Speaking out and acting on his beliefs to better serve Canadian culture seemed second nature to Gord, and that impulse immediately spoke to us. He intuitively seemed to know that, with the platform he had been given thanks to the success of the Hip, he had power to change people’s lives, at least a little bit. And he used it in ways that spoke to so many young people (and certainly some racialized, first-generation Canadians like myself).
I first saw the Tragically Hip in Markham in 1993. I was 15 and attended a stop on their inaugural Another Roadside Attraction tour, a travelling festival programmed to showcase established and emerging bands.
I remember feeling badly for Daniel Lanois and Crash Vegas because of the impatient fans yelling for the headliners while the afternoon sun was still shining down.
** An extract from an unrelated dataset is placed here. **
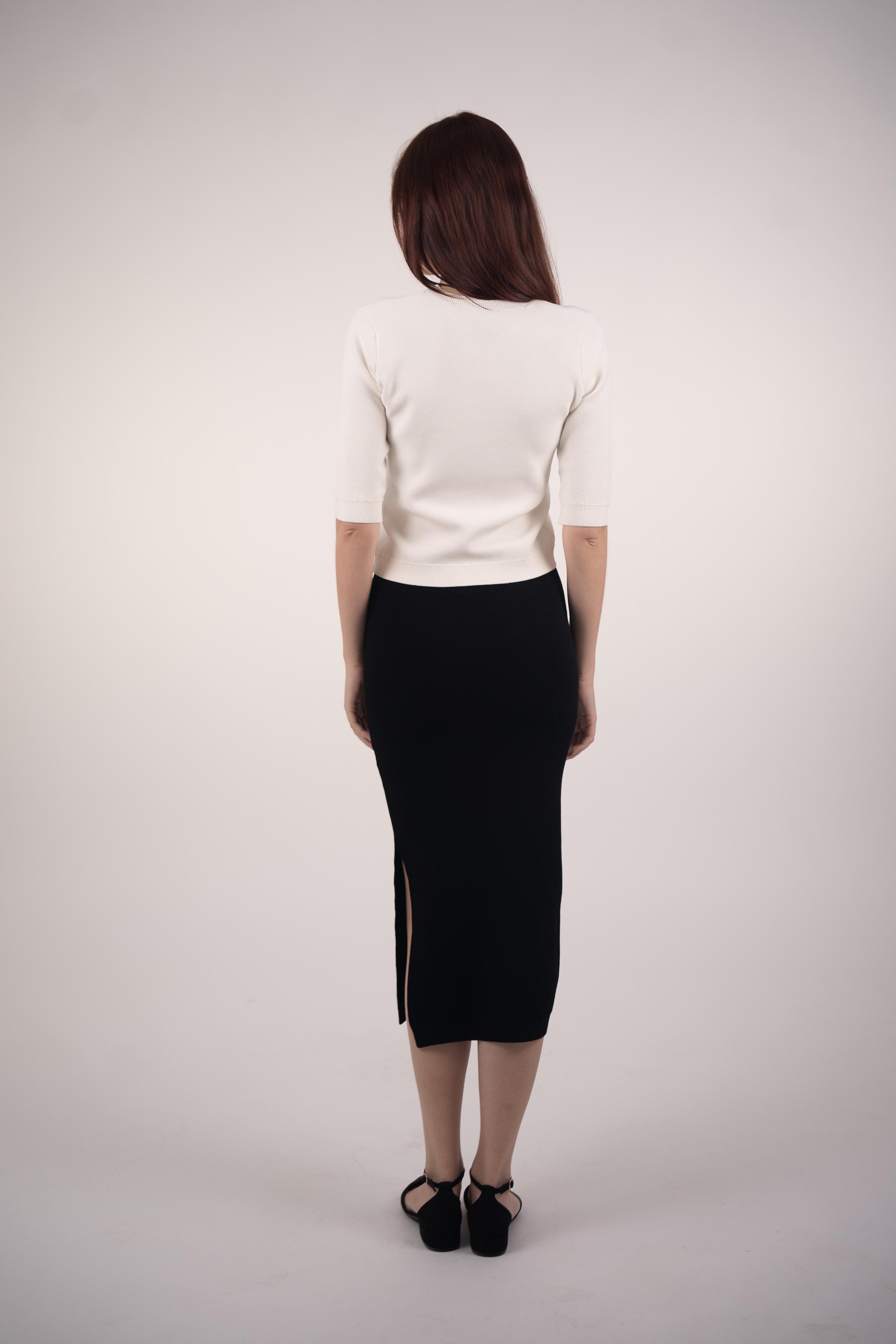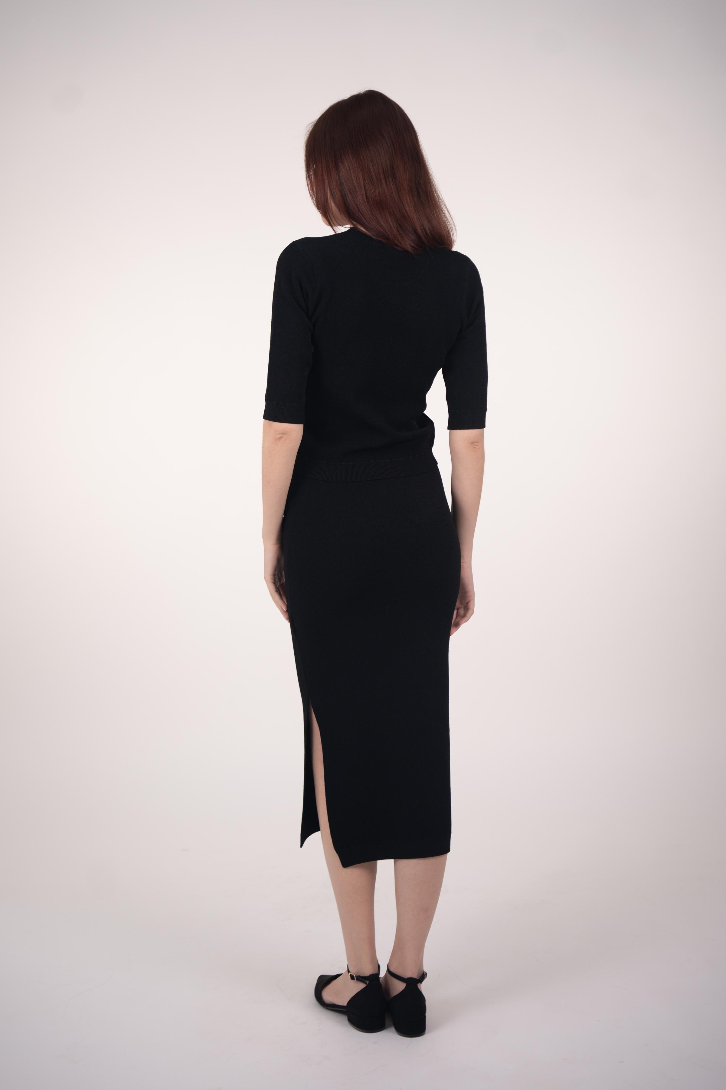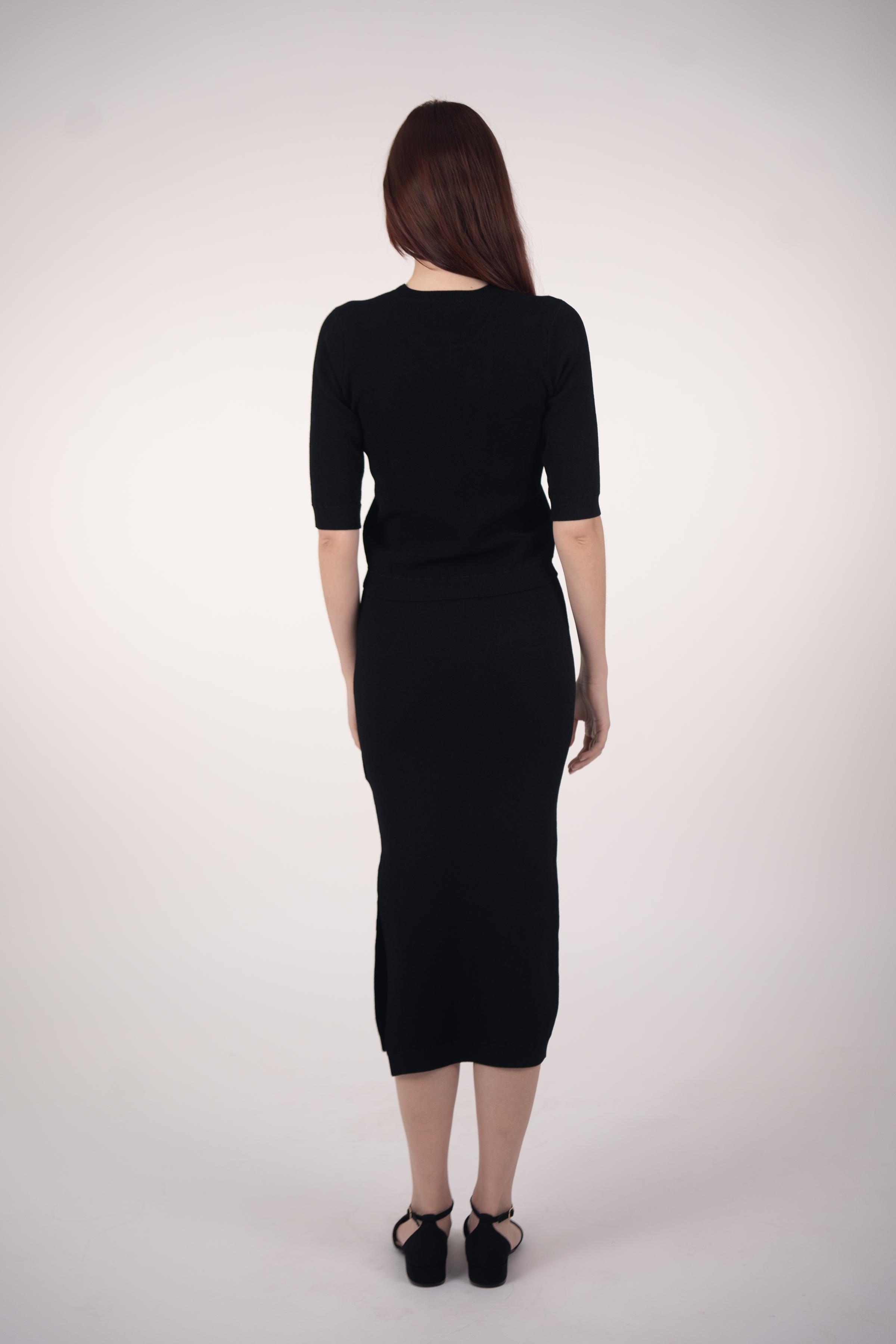 Elevate your ensemble with our Viscose Midi Skirt in black color, featuring exquisite golden buttons adorned with the raised logo of our brand. Meticulously crafted from premium materials, including 83% Matte Viscose and 17% Elite Polyester, this skirt offers unmatched comfort and style. The finest Jolie Crep yarn adds elegance, ensuring you make a statement with every step. Whether for casual outings or semi-formal occasions, our Viscose Midi Skirt effortlessly blends classic sophistication with modern allure.

But I walked away turned on by both of those performances and I’m sure I wasn’t alone. I’d like to think that for Gord and the Hip, introducing people from different backgrounds to each other – even the idea that the other existed – was a tiny mission accomplished.
Over the years, Gord would perform similar ear-to-the-ground tricks and place a premium on community and commonality. I heard him say things over the course of last summer’s Man Machine Poem tour with the Tragically Hip that showcased his humanity.
“Thanks to all the ladies,” he said in Hamilton. “You helped us become a real band through all the years. There was a patch where we had to do something to the boys they were just trying to take over, jumping on our stage and stuff like that. We had to get the girls in to take over.”
Is that a superficial platitude or a kindly call to arms? A tacit nudge to think of others more, to think of each other in life, to show some respect?
The thing is, the music Gord made with his friends will perplex me forever. It was weird across the board. But through all my experiences with him – in a field on my feet, on my ass in a seat in an arena, at a small club on the lower east side of Manhattan, in a quiet moment at a protest concert where he gently spoke to my admiring two-year-old son – I see him less as an artist and more as a man of great character.
At the risk of saying something trite to memorialize someone, I can’t help but mention that Gord Downie really cared about “us.” All of us. And in the way he conducted himself, he inspired a million people like me to care more, too.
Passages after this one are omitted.